1. This is an assessee's second appeal against an order under Section 154 of the Income-tax Act, 1961 ('the Act') rejecting inter alia the assessee's claim of interest under Section 243 of the Act.
2. We have heard the learned counsel for the assessee and the learned departmental representative.
3. The facts are that vide assessment for the assessment year 1977-78 there was an unabsorbed loss of Rs. 28,204 which was ordered to be carried forward. While making assessment for the assessment year 1978-79, this loss was not carried forward and the assessee's total income was determined vide order dated 28-11-1979 at Rs. 64,490. The assessee moved an application dated 18-8-1983 under Section 154 claiming adjustment of the aforesaid loss and also interest under Section 243 on the resultant refund. The application was allowed vide order dated 27-8-1983 adjusting the said loss and the resultant refund was accordingly granted. The assessee's claim for interest under Section 243 was rejected on the ground that there was no delay in the issue of refund after the passing of the rectification order. The assessee moved an appeal before the AAC but failed.
4. The learned counsel for the assessee contended that under Section 243 interest is to be paid if the refund is not made within three months from the end of the month in which the total income is determined under the Act. According to him the total income was determined vide assessment order dated 28-11-1979 and, therefore, interest is permissible from 1-3-1980. The contention of the authorities below, on the other hand, was that the refund became due only after the rectification order dated 27-8-1983 and the resultant refund was granted without any delay whatsoever and, therefore, no interest is payable.

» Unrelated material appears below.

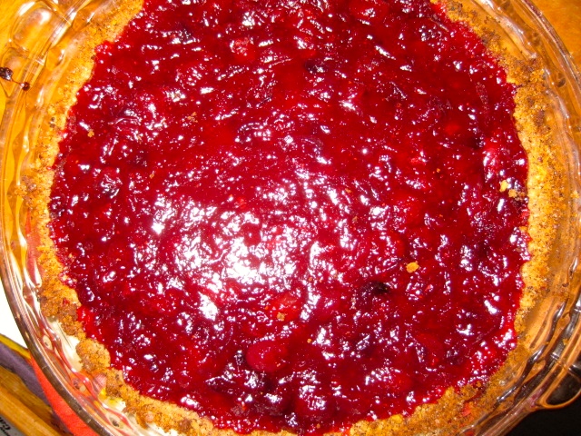 The recipe that follows is one that will substitute very well for cherry pie, at a much lower price. Don’t skimp on the almond flavoring, and do try my daughter-in-law’s innovation of a graham cracker crust instead of the standard pie crust. In order to enhance the almond flavor that enhances the cherry-like flavor, I have subbed in some ground almonds for part of the graham crackers. Of course, if you want the pie to really look like a classic cherry pie, you can spend lots of time making a lattice crust, but why bother when you can so much more quickly make this one that will taste just as good–or even better.

5. No direct authority on [the respective interpretation has been cited from either side. The learned counsel for the assessee contended that the income is determined only by an assessment order and the assessment order in this case is dated 28-11-1979 and, therefore, even after the rectification the income would be deemed to have been determined only by the original assessment order. This contention does not appear to be correct. The power of rectification is an independent power and the order passed under Section 154 is appealable if it is prejudicial to the assessee. In S. Sankappa v. ITO  68 ITR 760, the Hon'ble Supreme Court has held that an order under Section 35 of the Indian Income-tax Act, 1922 (equivalent to the present Section 154) is a part of the assessment proceedings. Assessment has been defined under Section 2(8) of the Act and includes reassessment. Therefore, an order passed under Section 154 modifying an assessment is itself an assessment order and determines the assessee's total income. The refund, therefore, becomes due as a result of the order passed under Section 154 and it does not flow from the original order of assessment which in this case was passed on 28-11-1979. An assessee would, therefore, be entitled to interest on refund only if the refund was delayed after the passing of the order under Section 154 and the delay cannot be calculated with reference to the assessment order as it stood before the rectification. In our view, therefore, the authorities below were right in negativing the assessee's claim for interest.